Für die Verfassungsmäßigkeit des Verbots spreche trotz der Schwere des Eingriffs der Umstand, dass es sich auf wenige einzelne Tätigkeiten beschränke. Es gelte, soweit Referendare mit richterlichen Aufgaben betraut werden, bei der Wahrnehmung des staatsanwaltschaftlichen Sitzungsdienstes und bei der Übernahme justizähnlicher Funktionen. Rechtsreferendare haben insofern ebenso wie Beamte die Werte, die das Grundgesetz der Justiz zuschreibt, zu verkörpern. Der Umstand, dass sie sich in Ausbildung befänden und nach deren Abschluss womöglich Tätigkeiten ausüben, für die die dargestellten verfassungsrechtlichen Maßstäbe nicht greifen, führe zu keiner anderen Bewertung. Die Ableistung eines im Ergebnis vollwertigen Rechtsreferendariats bleibe weiterhin möglich.
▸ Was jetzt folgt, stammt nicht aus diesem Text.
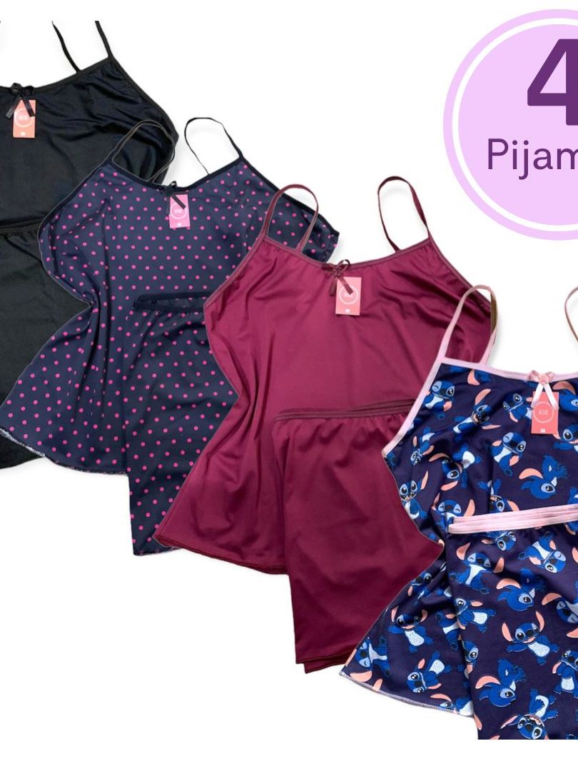 Kit 4 pijama feminino baby doll short doll liso e estampado P ao Plus size moda feminina
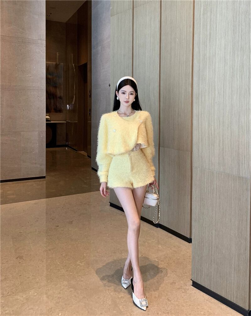 Xiaoxiang スタイルの女性のスーツの女性の秋と冬の新しいショートコートハイウエストワイドレッグショーツ小さなドレス 2 点セット ハイウェスト オータム 秋物 ウィンター 冬物 ブルマー ワイドパンツ nana50312827771 | modepoisson
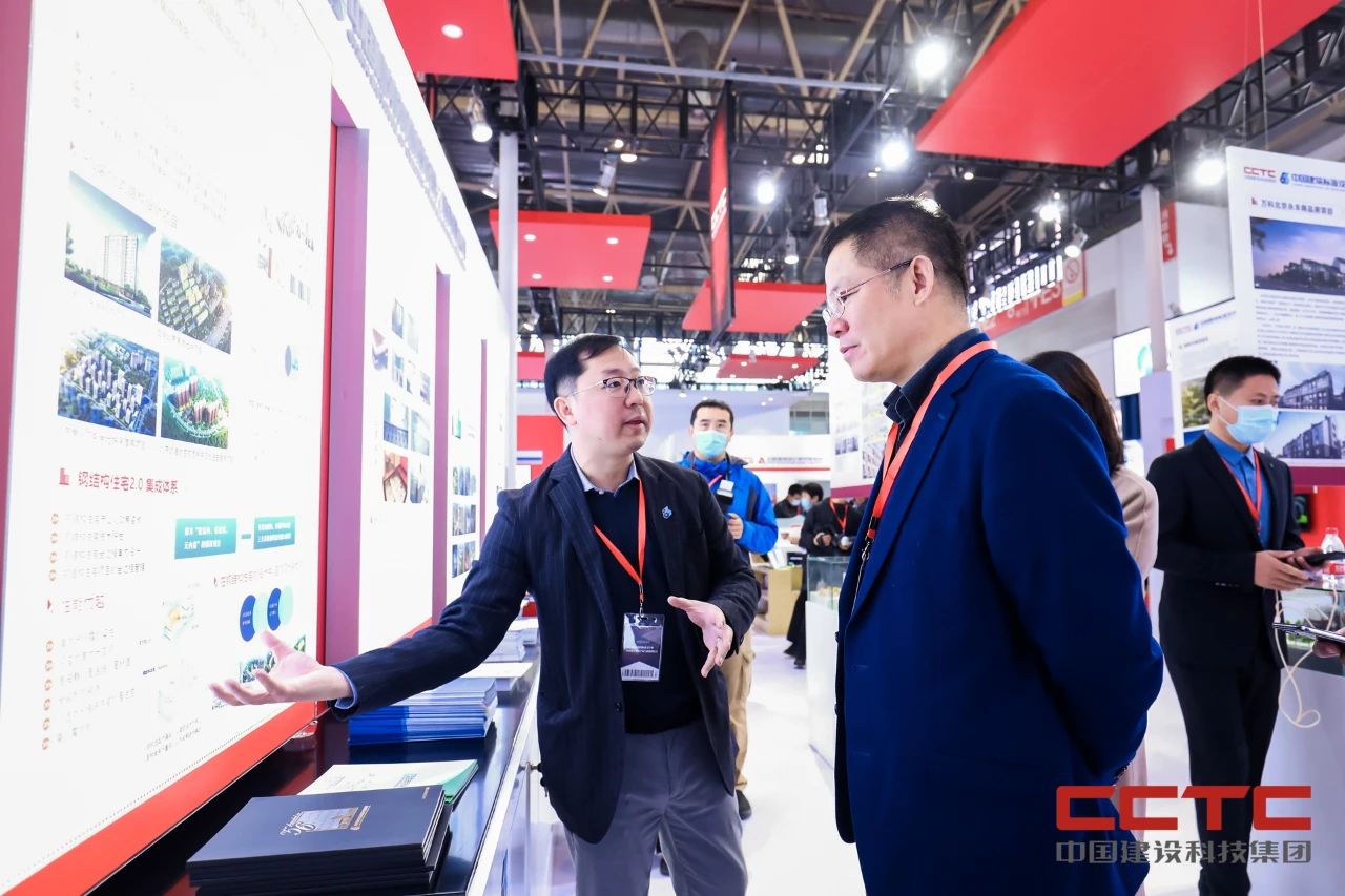 ▲住建部住宅產(chǎn)業(yè)化中心副主任梁俊強(qiáng)(左)到訪集團(tuán)展臺
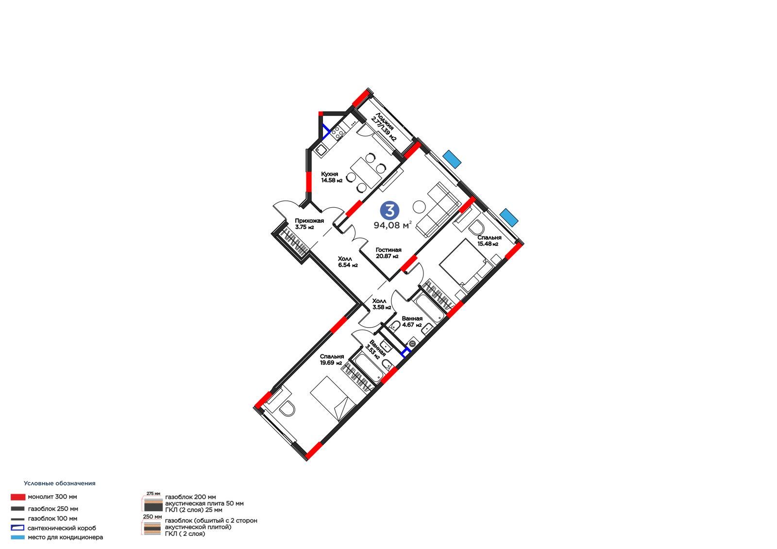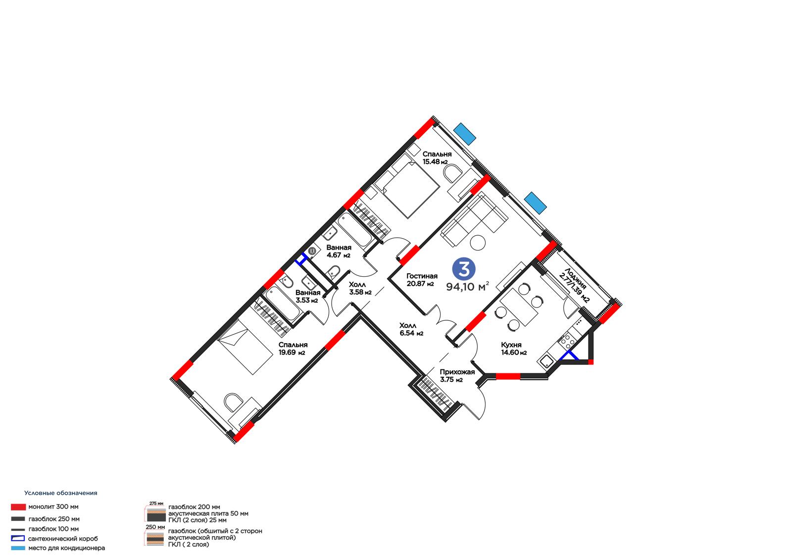 3-комн., 94.1 м², 3 этаж из 9 г. Астана, ул. Улы дала ЖК Bosağa

45 Satz 3 HBG stehe mit den Regelungen des Grundgesetzes in Einklang, sofern er verfassungskonform angewendet werde. Nach der Norm sei der christlich und humanistisch geprägten abendländischen Tradition des Landes Hessen bei der Entscheidung darüber, ob im Einzelfall ein neutrales Verhalten vorliegt, angemessen Rechnung zu tragen. Er ermögliche es jedoch auch, Sachverhalte mit unterschiedlichem religiösen Hintergrund dort gleich zu behandeln, wo dies – wie im Bereich der Justiz – verfassungsrechtlich notwendig sei.
Auch die Ausbildungsfreiheit und das allgemeine Persönlichkeitsrecht seien nicht verletzt, da hier ebenfalls die bei Art. 4 geltende Rechtfertigung heranzuziehen sei.